(i) y'''=(y')^3
Let z=y', then z"=y''' and z"=z^3.
z^-3d(dz/dx)/dx=1. Using S to denote integral: S(z^-3d(dz/dx))=S(dx).
Integrating: -(1/2)z^-2(dz/dx)=x+a where a is constant of integration.
Integrating again: -(1/2)S(z^-2dz)=S((x+a)dx)=x^2/2+ax+b where b is a constant of integration.
So, (1/2)z^-1=x^2/2+ax+b; multiply through by 2z: 1=z(x^2+2ax+2b).
But z=dy/dx, so dy/dx=1/(x^2+2ax+2b) and, integrating again:
y=S(dx/(x^2+2ax+2b))=S(dx/((x+a)^2+2b-a^2)).
Let A^2=2b-a^2 and X=x+a so dX=dx and y=S(dX/(X^2+A^2)).
Now if X=Atan(t), dX=Asec^2(t)dt and
y=S(Asec^2(t)dt/(A^2(tan^2(t)+1))=S(Asec^2(t)dt/(A^2sec^2(t))=(1/A)S(dt)=t/A=tan^-1(X/A)/A+c
Substituting for X and A: y=tan^-1((x+a)/sqrt(2b-a^2))/sqrt(2b-a^2)+c, where c is integration constant.
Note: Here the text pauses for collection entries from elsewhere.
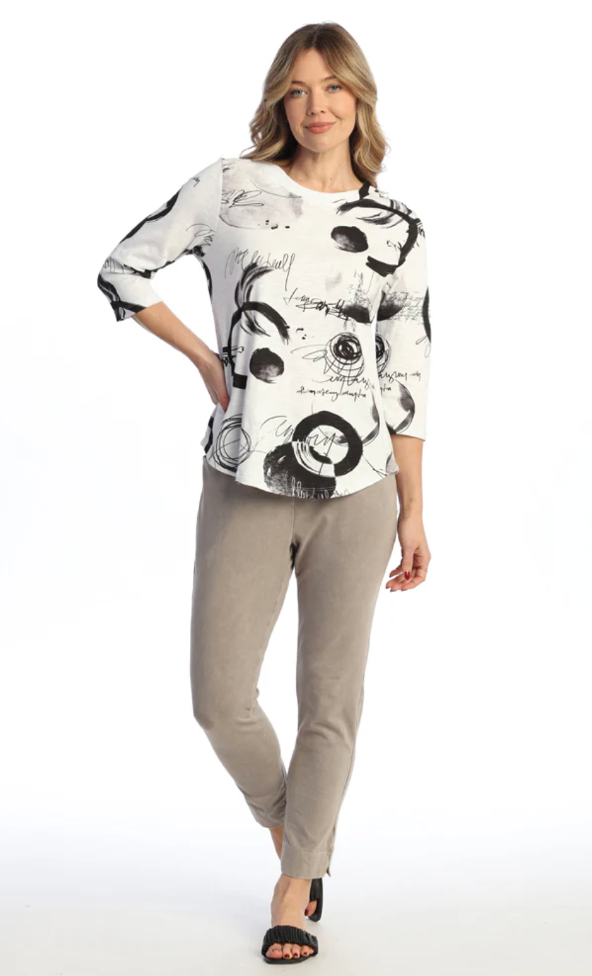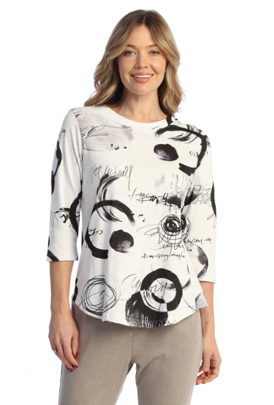 COTTON MODAL ROUND NECK TOP WITH 3/4 SLEEVES
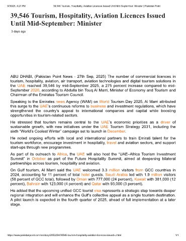 Speaking to the Emirates news Agency (WAM) on World Tourism Day 2025, Al Marri attributed
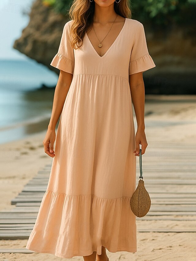 Highlights - Embrace the cozy vibes of Fall with this cotton midi dress - Short sleeves for comfort and style - Unique ruched and ruffle design details - Flattering V-neck neckline - Perfect for women looking for a versatile and chic fall wardrobe piece
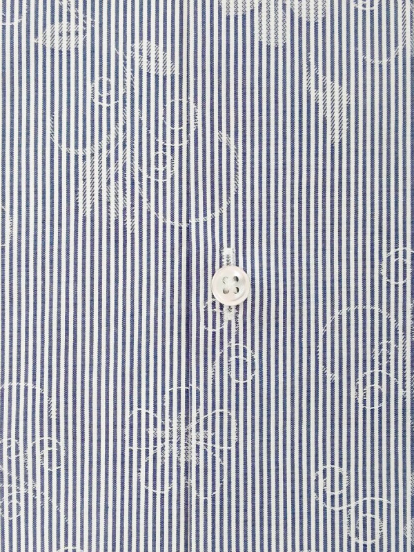 POPELINE FANTASIA RIGA BIANCO BLU 100% COTONE
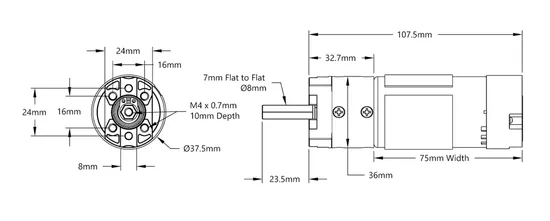 7203 series planetary gear motors can provide your robot with smooth, efficient and powerful power. The end face has 6 M4 screw mounting holes, and the mounting holes adopt the standard Zhouyu robot hole pattern, which greatly facilitates fixing the motor to other Zhouyu robot parts. The 8-mm hexagonal shaft output shaft is supported by double roller bearings, which allows the motor to handle huge torque loads and improve efficiency. The diameter of the gearbox reaches 36mm, fix the gearbox on the motor with screws from the side. This fixing method helps the gearbox to have super resistance to loosening. Although the gearbox itself is larger, the clever design of the head shape leaves more room for nearby components. The relative quadrature encoder is capable of running at 3.3V and 5V. Motor size RS-555 motor type, brushed DC nominal voltage 12VDC output shaft 8mm, hexagonal shaft, 24mm long, gearbox style, planetary, gear ratio 1:1/3.7:1/5.2:1/13.7:1/19.2:1/26.9:1/50.9:1/71.2:1/99.5:1/139:1/188:1/ gear material, steel, no-load speed @ 12VDC 6000 rpm, no-load current @ 12VDC 0.25A locked-rotor current @ 12VDC 9.2A stall torque @ 12VDC 1.47 kgs. Centimeters (20.45 Oz inches) Wire length 470mm (including Connector) wire gauge 16AWG motor connector type 3.5mm FH-MC bullet connector, encoder connector type 4-Pos JST XH [FH-MC] encoder type, relative, orthogonal, encoder sensor type, magnetic (Hall effect) encoder voltage range 3.3 - 5VDC encoder resolution, 28 PPR on output shaft on output shaft, weight 396g
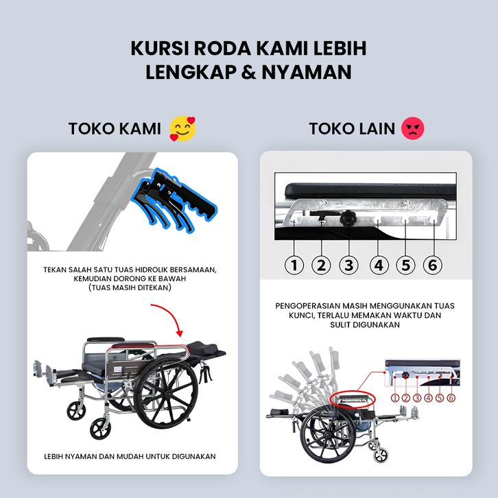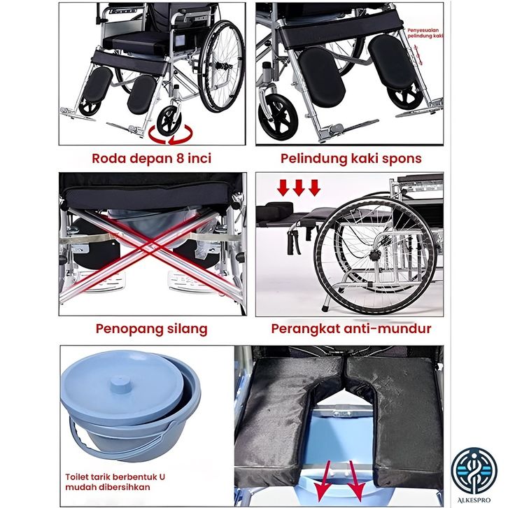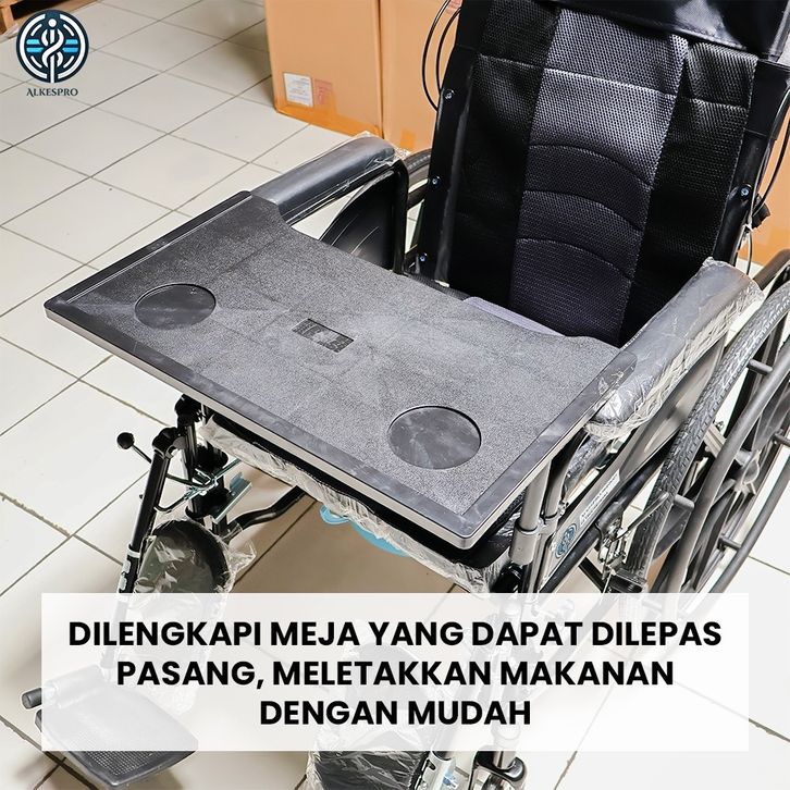 Kursi Roda Hidrolik + Meja Makan ALKESPRO - Sandaran Hidrolik Anti Ribet
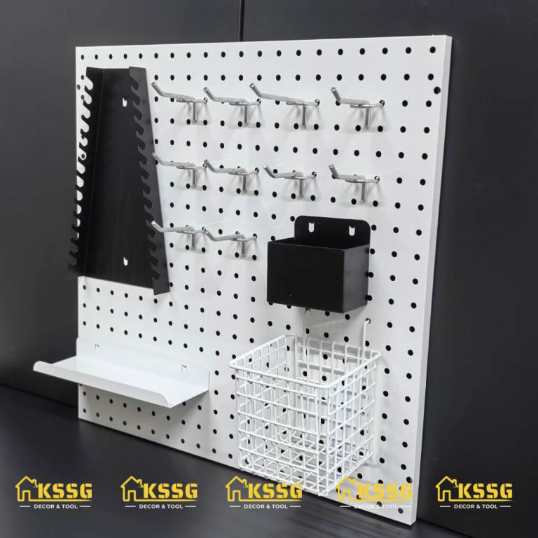 - Hệ sinh thái phụ kiện đa dạng: Cung cấp đầy đủ các loại móc gài, rổ, kệ tương thích hoàn toàn với hệ lỗ của bảng.

If 2b<a^2 the square root has a negative argument, leading to a complex solution.
(ii) y"=(y')^2
Let z=y' then z'=y" and z'=z^2, so z^-2z'=1.
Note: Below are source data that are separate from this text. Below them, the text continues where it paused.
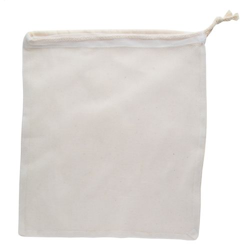 Reusable cotton produce bag with polyester mesh front and drawstring closure, 95 g/m².
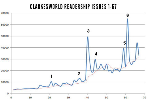 Sadly, that isn't necessarily the case. Stories get mentioned outside their circles all the time, but very few of them result in meaningful spikes. Even fewer of those manage to grow legs (triggering more mentions outside normal circles), which is when I consider a potentially viral situation to have begun.I've used this graph to demonstrate viral spikes at Clarkesworld:
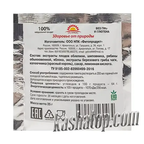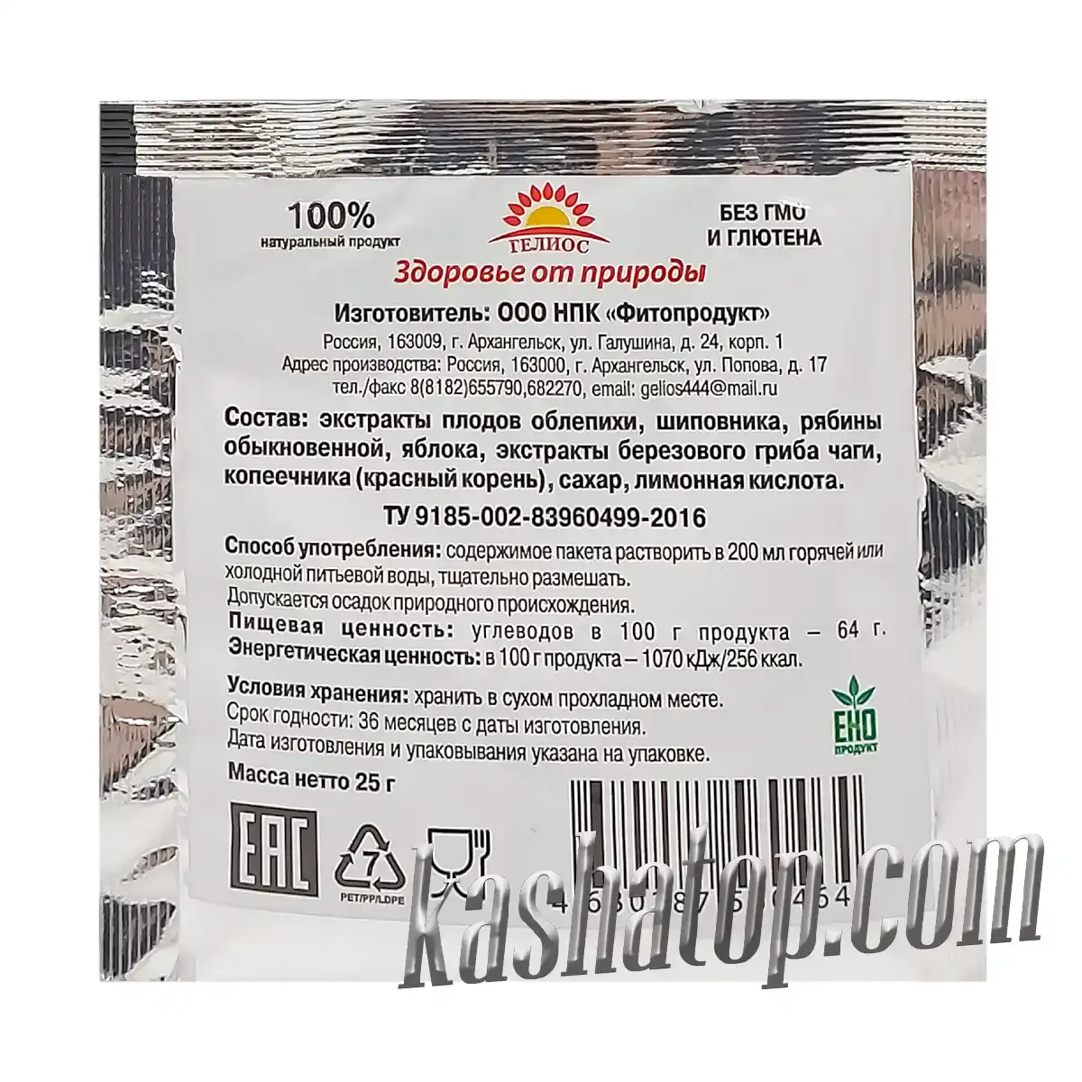 Состав: экстракты плодов облепихи, шиповника, рябины обыкновенной, яблока, экстракты берёзового гриба чаги, копеечника (красный корень), сахар, лимонная кислота.

Integrating: S(z^-2dz)=S(dx)=x+a.
-z^-1=x+a so multiplying through by -z: 1=-z(x+a).
z=dy/dx=-1/(x+a) and y=-S(1/(x+a))=-ln(x+a)+ln(b)=ln(b/(x+a)); y=ln(b/(x+a)) or e^y=b/(x+a), where b is constant.